However, annotating only the biological mechanism of an interaction does not necessarily properly describe its impact on the target entity. Therefore, when the biological mechanism results in a modification (or state-change) of the target (e.g. a phosphorylation event), it is recommended to annotate as precisely as possible how it modifies the target (e.g. with both residue type and position) so as to capture information about the state of the target entity that results from the causal regulation (see also Rule 4.3). If available, not only the end state of the target entity should be captured, but also its affected activity, as described above.

4.2 The biological type of an entity

In MI2CAST, the biological type of an entity corresponds to its biological nature, such as gene, RNA, protein and complex. The biological type of an entity is usually defined indirectly, by the identifier provided by the database that aims to list all entities of a certain type (see Supplementary File S3). In most cases, it is therefore not needed to further define the biological type. For instance, a UniProt identifier classifies an entity as a protein. In some cases, however, the biological entity involved in a causal interaction may not yet have a unique identifier assigned to it (see preferred database IDs, Rule 1). We would like to encourage users to contact the appropriate database maintainers and work with them to add that entity. A second option is to search for another database for a gene or gene product that is related to the intended entity, as this will at least allow the use of an identifier rather than make no annotation at all. For example, in the absence of a corresponding UniProt ID, an Entrez ID could be used to annotate a protein. In these cases, the correct and intended biological type of the entity must be provided. In the example, the Entrez ID would have to be accompanied by ‘has biological type: protein’ to clarify that actually the associated gene product is meant. Likewise, when a complex is not referenced in the Complex Portal database (Meldal et al., 2019), it can be specified as a general entity that has a list of components, but should then be annotated with the ‘complex’ (MI:0314) biological type. For biological type, we recommend to use the terms provided by the PSI-MI ‘interactor type’ branch (MI:0313).
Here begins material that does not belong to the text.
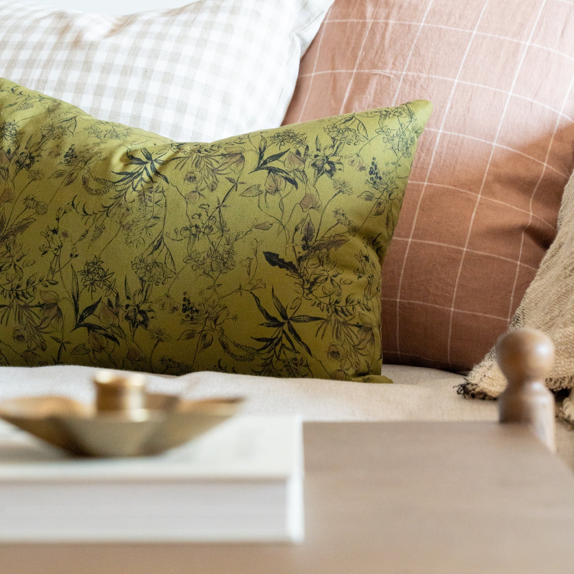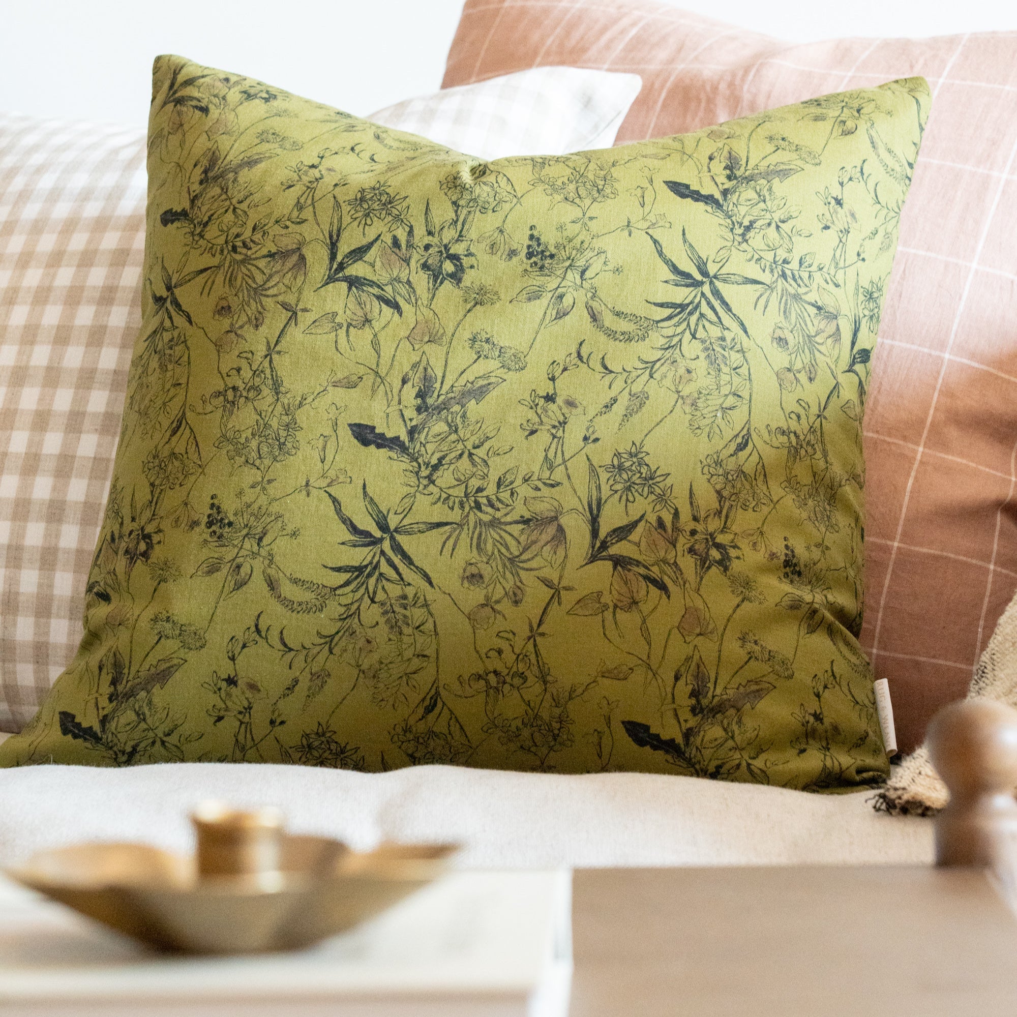 Our Akira Pillow Cover is created from a super soft cotton featuring a striking floral motif on a vibrant green background, printed in Japan. This brings a touch of botany and colour to your decor this season. Double sided for a truly luxurious feel, place this unique pillow anywhere you want to add some visual interest.
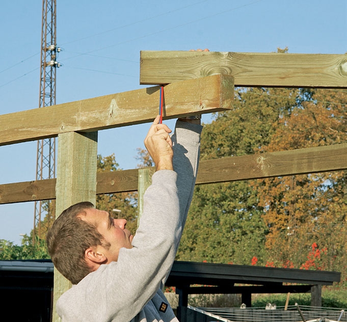 Poikittain kulkevat irtopalkit asetetaan lopuksi raamin väliin. Vain yksi jokaista 150 cm kohti, jotta pergolan ilme säilyy mahdollisimman kevyenä. Pergola on valmis kasveja varten. Puunsuojauksella voidaan lisätä pergolan kestävyyttä.

4.3 The biological modification of an entity

A causality may depend on an entity (source and/or target) having a particular physical modification or conformation prior to its engagement in the causal interaction. Modifications include physical configurations (e.g. post-transcriptional modifications, post-translational modifications, covalent links to other molecules and methylations of genes) that lead to conformational changes (e.g. open and closed) necessary for a causal interaction to occur. If the causality depends on an entity having a particular biological modification, then that state ideally is provided with as much precision as available, and represented by:

  • a modification type (e.g. phosphorylation of a protein and methylation of a gene or RNA), specified by PSI-MOD for proteins (Montecchi-Palazzi et al., 2008) and the Sequence Ontology for genes,

  • a modified residue (i.e. amino acid and nucleotide), for which we recommend using ChEBI,

  • a number indicating the protein sequence position of the residue that is modified.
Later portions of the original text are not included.